The answer to a complex system like the economy is never so simple. Technology, the shift from a productive to a finance, insurance and real estate economy, artificial interest rates, stock bubble, housing bubble, credit crises....

There are a lot of factors that contribute to fewer jobs. When it comes to technology, yes, technology destroys jobs. But never on a net bases. 100 years ago 40% of our economy worked in agriculture. Today it's less than 2%. Yet people aren't longing for the days of farming. Technology alone is not the culprit.

That technology destroys more jobs than it creates can only be news to economists. Any one of us has put far more than one other person out of work by automating their data entry or analysis jobs.

This essay on four possible futures along the axes of scarcity and equality is highly relevant.

http://jacobinmag.com/2011/12/four-futures/

Does a post-scarcity economy, the sort implied by democratizing production via 3D printers and cheap energy, necessarily imply a more equal society or can the rentier class find a way to extract profits via patents and intellectual property?

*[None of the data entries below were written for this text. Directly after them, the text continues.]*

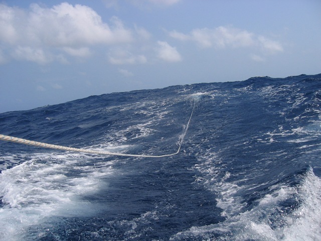 Dix jours, deux ris dans les voiles, à avancer tranquillement dans une mer changeante. Photo deux, sur les cotés c’est le sillage de Gwen, on dirait presque que ça booste !
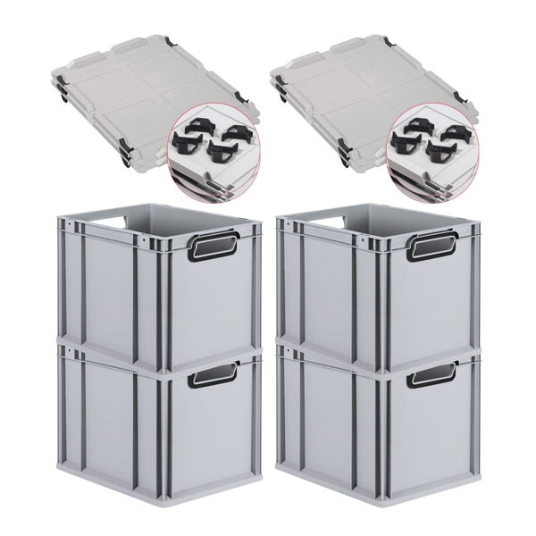 PROREGAL SuperSparSet 4x Eurobox NextGen Color mit Auflagedeckel und Schiebeschnappverschlüsse, HxBxT 32x30x40cm, 30 Liter, Grau, Griffe schwarz offen, Eurobehälter, Transportbox, Transportbehälter, Stapelbehälter
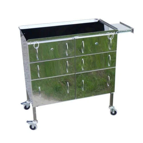Оснащен столешницей с отбортовкой высотой 16 мм, столик обеспечивает безопасное размещение медицинских инструментов. Под столешницей расположена удобная выдвижная полка с ручкой и шесть ящиков на направляющих полного выдвижения, два из которых снабжены замком для защищенного хранения важных материалов. Дополнительно, столик имеет ручку для легкого перемещения, что делает его идеальным выбором для использования в условиях перевязочных отделений. Качественные материалы и продуманный дизайн обеспечивают функциональность и надежность в работе.
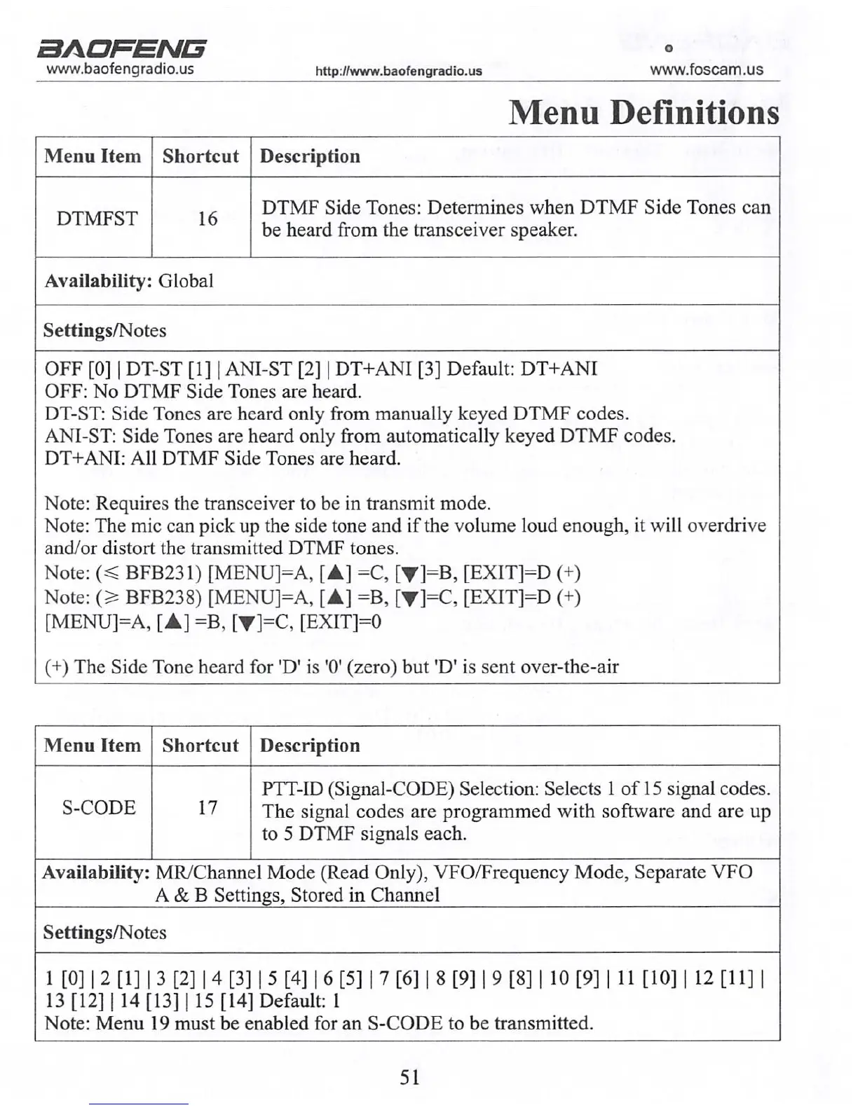 Note: Menu 19 must be enabled for an S-CODE to be transmitted.
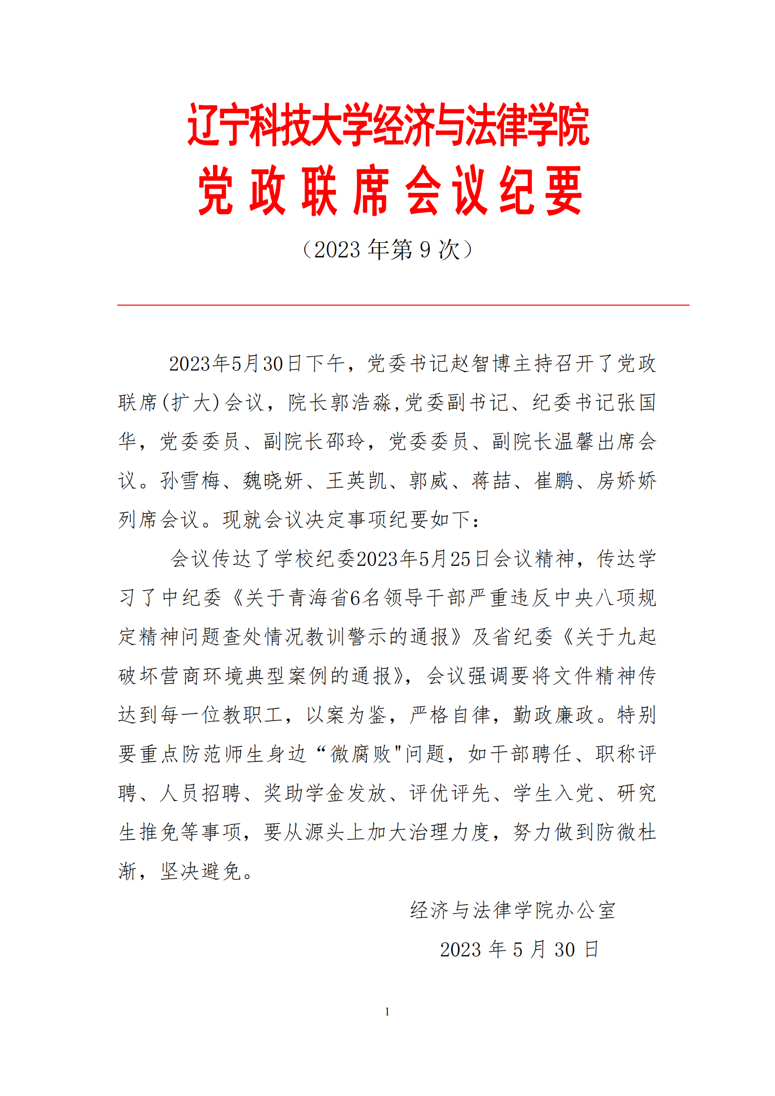 FH体育(国际)官方网站经济与法律学院党政联席会议纪要(2023年第9次)

Conversely, if we end up constrained by natural resources — energy, feedstocks, labor, etc. — is it even possible to move to a more equal society?

Cheap interest rates are destroying jobs.

Artificially low interest rates == artificially high amount to spend on machine replacing labor == labor earnings go down as percentage of the economy.

Technology has destroyed jobs for hundreds of years. It means we as a species are continually releasing human labour resources to tackle newer, more exciting challenges.

The difficulty is transitioning these labour resources from tasks now mechanized, to new endeavours that society is interested in solving.

Long term, there's potentially a point where we can repurpose mechanization faster than we can repurpose people. I certainly don't make the claim that we're there yet, though.

Short to medium term, one angle is figuring out how to actually get people paid for the new stuff - there is a lot that creates value that is difficult to capture.

While you cannot view technology as some kind of force of nature, immune to ethics, blaming the misery of joblessness on technology is beside the point.

When is the last time the minimum wage was raised? The last time the work week shortened? Those laws are in place because of technology eliminating human labor. Those legal changes were the solution to a problem technology created. But they have not been updated while technology is galloping away. We blithely crush low-skill, entry level jobs because they are easy to crush.

Technologists have a responsibility to mitigate the impact of technology. But the answer isn't to restrain technology. The answer is to deliver benefits to society as a whole, and that comes from restructuring our economy to benefit workers.

If you raise the US Minimum wage to $20 an hour you will immediately see people move their companies to Mexico,China,etc.. So that will only make the problem worse. Instead of making $10 an hour those employees will be making $0.
Honest question which companies? Which companies that currently pay workers minimum wage are able to move overseas? Mcdonalds, Walmart etc cannot move their service jobs overseas.
Won't the result just be a further investment in technology that leads from two people making $10 an hour to 1 person making $20.
It might incentivise those companies to find ways of doing business with less human labour. For example computer checkout /ordering systems or more emphasis on doing business online.
They'll automate even more. It might spur a push to improve commercial robotics.
Why not regulate work week trough WTO, UN or other international organisation?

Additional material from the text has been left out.